Given material ::
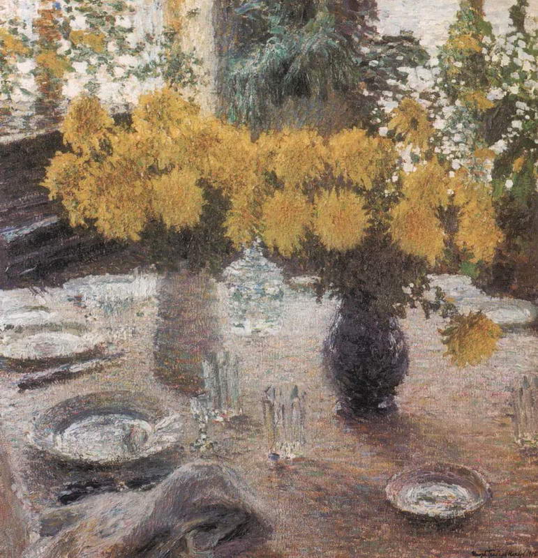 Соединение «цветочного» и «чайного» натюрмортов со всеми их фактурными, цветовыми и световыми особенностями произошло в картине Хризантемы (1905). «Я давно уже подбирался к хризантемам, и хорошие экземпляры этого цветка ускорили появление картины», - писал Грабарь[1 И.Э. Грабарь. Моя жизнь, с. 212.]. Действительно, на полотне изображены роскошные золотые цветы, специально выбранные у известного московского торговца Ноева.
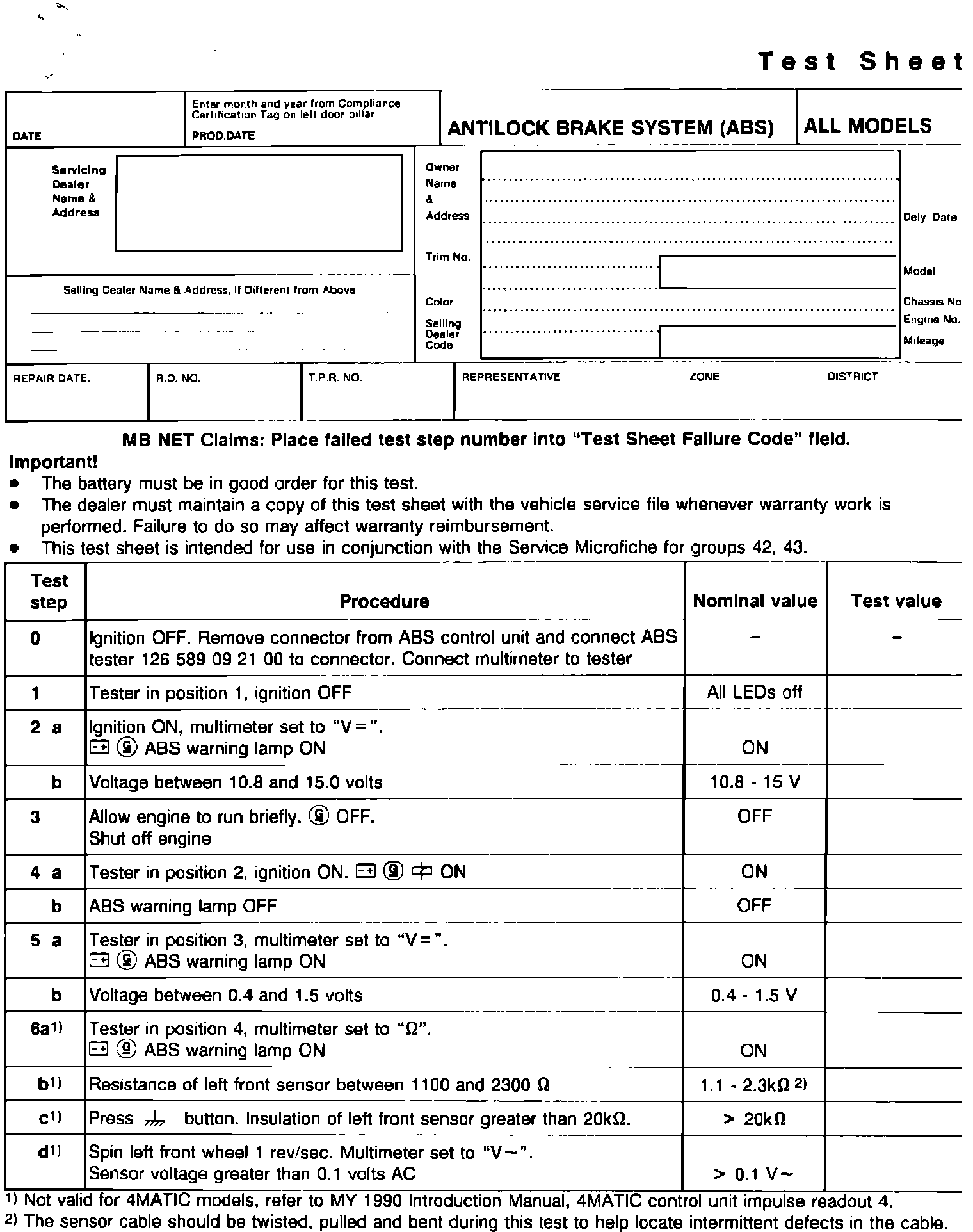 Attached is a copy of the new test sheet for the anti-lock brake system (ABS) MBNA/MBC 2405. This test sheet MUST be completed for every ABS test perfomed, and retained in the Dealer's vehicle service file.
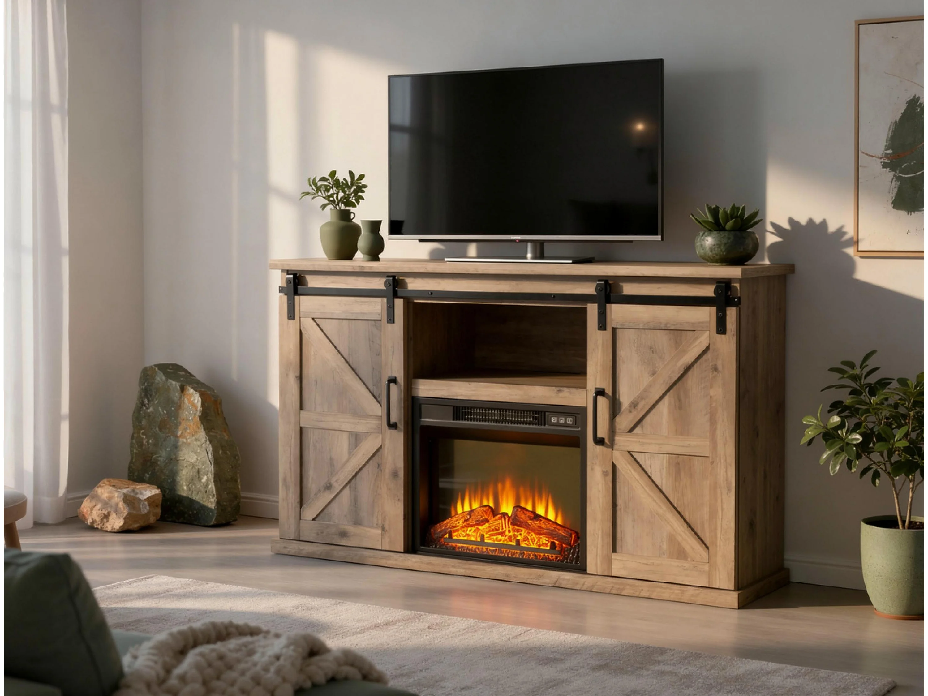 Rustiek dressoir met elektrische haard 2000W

Exercise directions :: In the copy, no pictures are to appear; write out exactly the lines from the one containing "Attached is a" through the end of the listing above and no further lines.

Worked solution ::
 Attached is a copy of the new test sheet for the anti-lock brake system (ABS) MBNA/MBC 2405. This test sheet MUST be completed for every ABS test perfomed, and retained in the Dealer's vehicle service file.
 Rustiek dressoir met elektrische haard 2000W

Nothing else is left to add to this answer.